The mapping rules are defined by a structure containing the following attributes:

name_id
REQUIRED. A structure which defines how to populate the Subject NameID element in the SAML assertion. It contains the following attributes:
format
REQUIRED. A string value to use as the NameID Format.
value
REQUIRED. The SCIM Attribute Path pointing to a value to be used as the SCIM NameID. The Attribute Path MUST reference a single value, not a list.

attributes
OPTIONAL. A list of structures, where each structure contains the following attributes:
name
REQUIRED. A string value to use as the SAML Attribute Name
format
OPTIONAL. A string value to use as the SAML Attribute Format. Defaults to urn:oasis:names:tc:SAML:2.0:attrname-format:unspecified
value
REQUIRED. The SCIM Attribute Path pointing to a value to be used as the SAML Attribute Value. The Attribute Path MAY reference a single value or a list of values. If an attribute value is undefined or empty for an end-user, the Identity Provider MUST omit the attribute when building the SAML assertion.

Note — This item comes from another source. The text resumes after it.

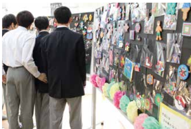
教室には展示物でいっぱい

The following non-normative example shows a SCIM User, a SCIM Attribute Mapping definition, and the resulting SAML assertion.

Example SCIM User:

 {
   "schemas":
     ["urn:ietf:params:scim:schemas:core:2.0:User"],
   "id": "2819c223-7f76-453a-919d-413861904646",
   "userName": "bjensen",
   "name": {
     "formatted": "Ms. Barbara J Jensen, III",
   },
   "displayName": "Babs Jensen",
   "emails": [
     {
       "value": "bjensen@example.com",
       "type": "work",
       "primary": true
     },
     {
       "value": "babs@jensen.org",
       "type": "home"
     }
   ],
   "groups": [
     {
       "displayName": "Employees"
     },
     {
       "displayName": "US Employees"
     }
   ]
 }

Example Attribute Mapping:

 "user_attribute_mapping": {
     "mapping_syntax": "simple_scim_to_saml",
     "mapping_rules": {
         "name_id": {
             "format": "urn:oasis:names:tc:SAML:2.0:nameid-format:persistent",
             "value": "id",
         },
         "attributes": [
             {"name": "name",
              "value": "displayName"
             },
             {"name": "email",
              "value": "email[primary eq true].value"
             },
             {"name": "groups",
              "value": "groups.displayName"
             }
         ]
     }    
 }

Example of Resulting SAML Document:

    ...
    <saml:Subject>
      <saml:NameID Format="urn:oasis:names:tc:SAML:2.0:nameid-format:persistent">2819c223-7f76-453a-919d-413861904646</saml:NameID>
    </saml:Subject>
    ...
    <saml:AttributeStatement>
      <saml:Attribute Name="name" NameFormat="urn:oasis:names:tc:SAML:2.0:attrname-format:unspecified">
        <saml:AttributeValue">Babs Jenson</saml:AttributeValue>
      </saml:Attribute>
      <saml:Attribute Name="email" NameFormat="urn:oasis:names:tc:SAML:2.0:attrname-format:unspecified">
        <saml:AttributeValue">bjenson@example.com</saml:AttributeValue>
      </saml:Attribute>
      <saml:Attribute Name="groups" NameFormat="urn:oasis:names:tc:SAML:2.0:attrname-format:unspecified">
        <saml:AttributeValue">Employees</saml:AttributeValue>
        <saml:AttributeValue">US Employees</saml:AttributeValue>
      </saml:Attribute>
    </saml:AttributeStatement>
   ...

9.3.2.2. Simple SCIM to OIDC

This syntax maps between SCIM schemas [RFC7643] and OpenID Connect claims [OpenID.Core].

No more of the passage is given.